Modulating cysteine metabolism to induce cell death in small cell lung cancer

SUMMARY Small cell lung cancer (SCLC) is a fatal form of lung cancer whose development is closely associated with tobacco smoking. Patients with SCLC have a median overall survival of only 8-10 months after initial diagnosis. SCLC development is frequently associated with mutations in TP53 (p53), RB, and related tumor suppressor

genes that govern transit through the cell cycle. Disruption of these genes leads to small, rapidly dividing cells. Despite identical mutations, SCLC cells can adopt one of several distinct transcriptional/epigenetic states, including neuroendocrine and non-neuroendocrine states. How these cell states differ is poorly understood. It is

also unclear how best to induce cell death in different SCLC cell states. In this research, we focus on the unique metabolism of SCLC cells to identify new and exploitable vulnerabilities that can be used to kill SCLC cells. In preliminary RNA sequencing and mass spectrometry-based metabolomics studies we find that SCLC

metabolism is cell state-dependent. Our results pinpoint a cell-state-specific role for cystine/cysteine (Cys) metabolism in SCLC biology. We find that both neuroendocrine and non-neuroendocrine SCLC cells require Cys to proliferate. In the absence of Cys, non-neuroendocrine cells stop dividing whereas neuroendocrine cells die.

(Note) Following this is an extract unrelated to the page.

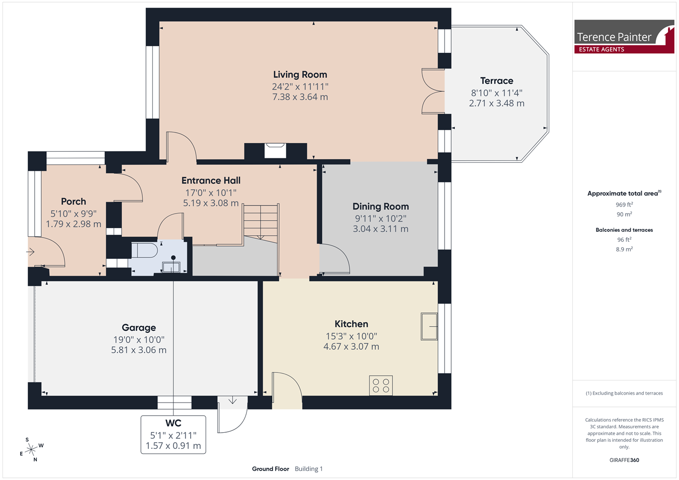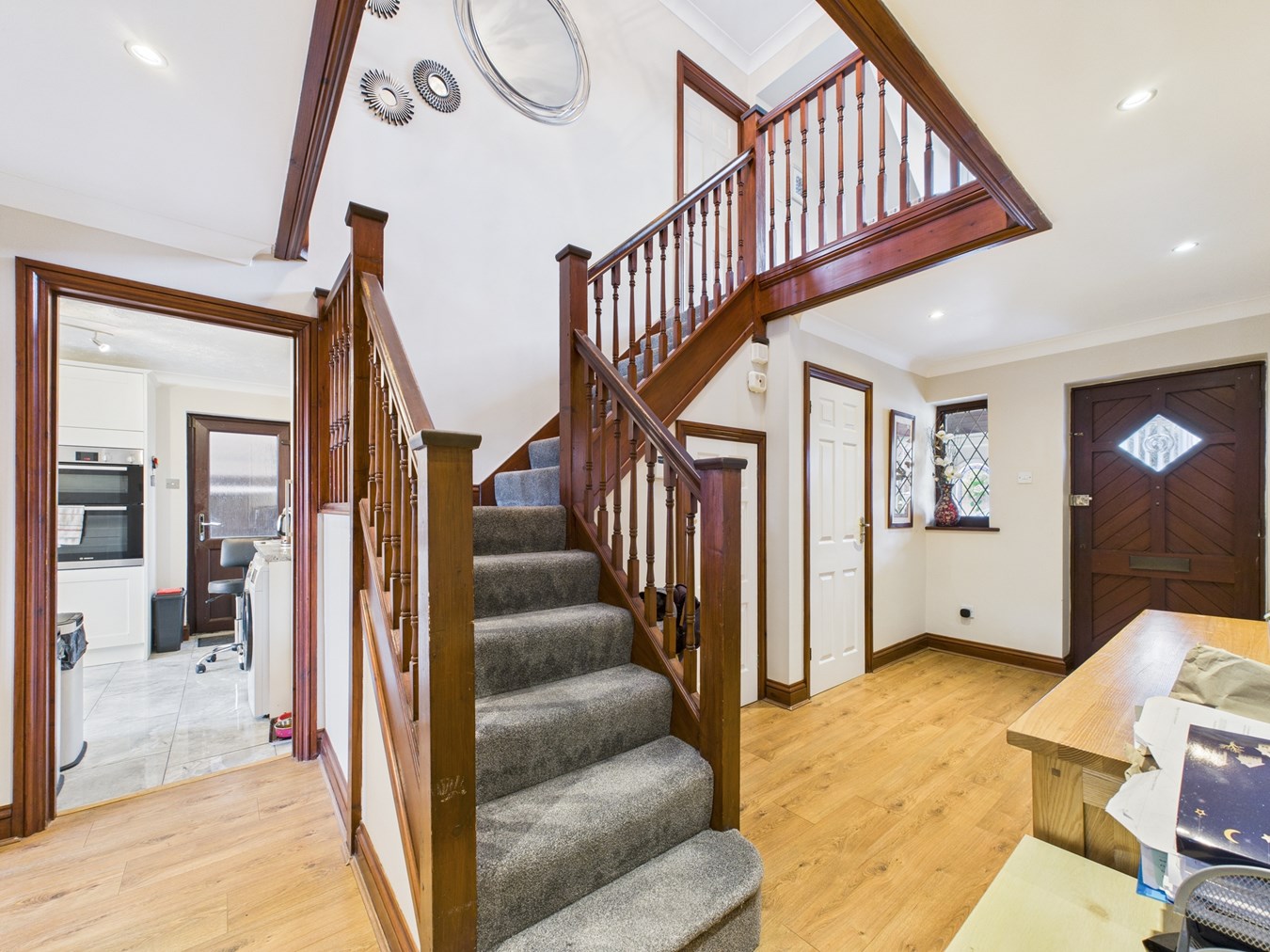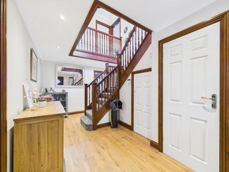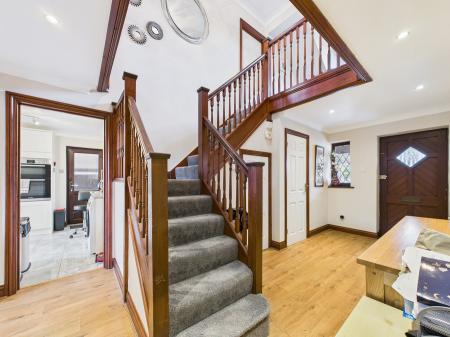 5.19m x 3.08m (17' 0" x 10' 1") The entrance hall features a double glazed window to front, understairs storage cupboard, w.c, radiator, downlights and wooden flooring.

Intriguingly, cell death responses are also cell state-dependent: ASCL1high neuroendocrine cells primarily die from apoptosis while NEUROD1high neuroendocrine cells die from ferroptosis. These findings suggest cell state- specific differences in SCLC metabolism may regulate distinct sensitivities to apoptotic versus non-apoptotic cell

death. In this research, we will determine how Cys deprivation triggers cell state-specific lethal mechanisms in SCLC cells. We propose three Specific Aims. We will first determine how distinct neuroendocrine cell states dictate the choice to die by apoptosis versus ferroptosis, focusing on the role of the GCN2/ATF4 amino acid sensing

pathway and polyunsaturated phospholipid metabolism. Next, we will determine how the Notch and the NRF2 signaling pathways govern the responses of neuroendocrine versus non-neuroendocrine cell states to Cys deprivation. Finally, we will develop a novel Cys-degrading enzyme therapy that selectively targets SCLC cells

to induce cell death by recognizing specific cell surface antigens. These studies will test our central hypothesis, which is that Cys metabolism represent a novel targetable vulnerability for SCLC. Altogether, this research will unveil novel links between cell state, metabolism, and cell death in SCLC. Ultimately, we aim to show how

targeting this metabolic network could lead to new treatments for this devastating disease.